2. 'bbox': [417, 114, 578, 220]  
'bbox' stands for bounding box, and it describes the position of the detected text in the image.  
The four numbers are:  
**[417, 114]: The top-left** corner of the bounding box (x, y coordinates).  
**[578, 220]: The bottom-right** corner of the bounding box (x, y coordinates).  
These values are pixel coordinates, meaning the detected text starts at (417, 114) and ends at (578, 220) in the image.  

3. 'img': array([...])  
The 'img' key contains a cropped image of the detected text or structure within the bounding box.  
The array([...]) represents the pixel values of the region within the bounding box, essentially a small part of the original image containing just the text.  

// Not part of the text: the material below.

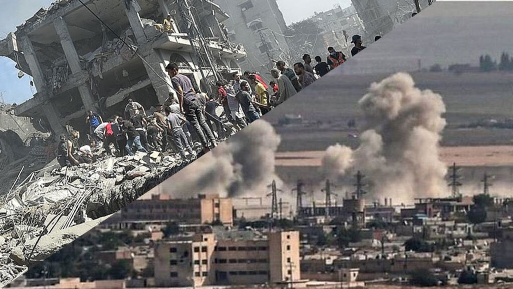 Her iki savaşın baş sorumluları TC ve İsrail neden uluslararası camia tarafından savaşı durduracak kadar güçlü ve gerçek yaptırımlara tabi tutulamıyorlar? 21.yüzyılın siyasi soykırım (Kürtler) ve etnik temizlik (Arap Filistin’i) savaşlarının cereyan ettiği bu coğrafya emperyalizm için o denli varlık yokluk sorunu ki her türlü melanete göz yumuluyor. Her gün İsrail’in Gazze’deki soykırım savaşını eleştiren ülkelerin İsrail ile olan ticaretlerini sürdürmeleri; mesela TC’nin Azerbaycan üzerinden İsrail’e gidecek doğal gaz boru hattı projesini neden iptal etmediği sorgulanmıyor! Rojava ’da kullanılan kimyasal silahlar, radyoaktif içerikli lokal bombalar neden ABD ve Avrupa tarafından sessizlikle geçiştiriliyor? İsrail’in Filistin topraklarında dünyanın gözleri önünde yürüttüğü yerleşimci işgal politikasına yıllardır ses çıkarmayanlar, bunu sessizce onaylayanlar TC’nin Suriye’nin kuzeyindeki irredantizm (ülke sınırları dışında etnik olarak kendi ulusundan olan insanların varlığının zarar gördüğünü iddia ederek sınırdaş ülke topraklarını kendi ülkesine katma isteğiyle ilhak etme girişimi) politikalarını da görmezden geliyorlar. Türkiye devleti Suriye’nin kuzeyinde yaklaşık 1000 den fazla yerleşim birimini kapsayan 10000 kilometrekarelik bir alanı ilhak etmiştir. İsrail ile aralarındaki tek fark TC’nin işgal ettiği Suriye topraklarına kendi halkı olarak gördüğü Türkmenler dışında, devrimci Kürt kuvvetlerine karşı işbirliği yaptığı Selefi ve Arap aşiretlerini de yerleştirmesidir.

In this case, the pixel values are in the range of RGB values (e.g., [255, 255, 255] representing white pixels, etc.).  
Summary:  
Bounding Box ('bbox'): Describes the area of the image where the text or structure is located, using the top-left and bottom-right pixel coordinates.  
Image ('img'): Contains the cropped image of the detected structure (in this case, text), so you could extract and process it further if necessary.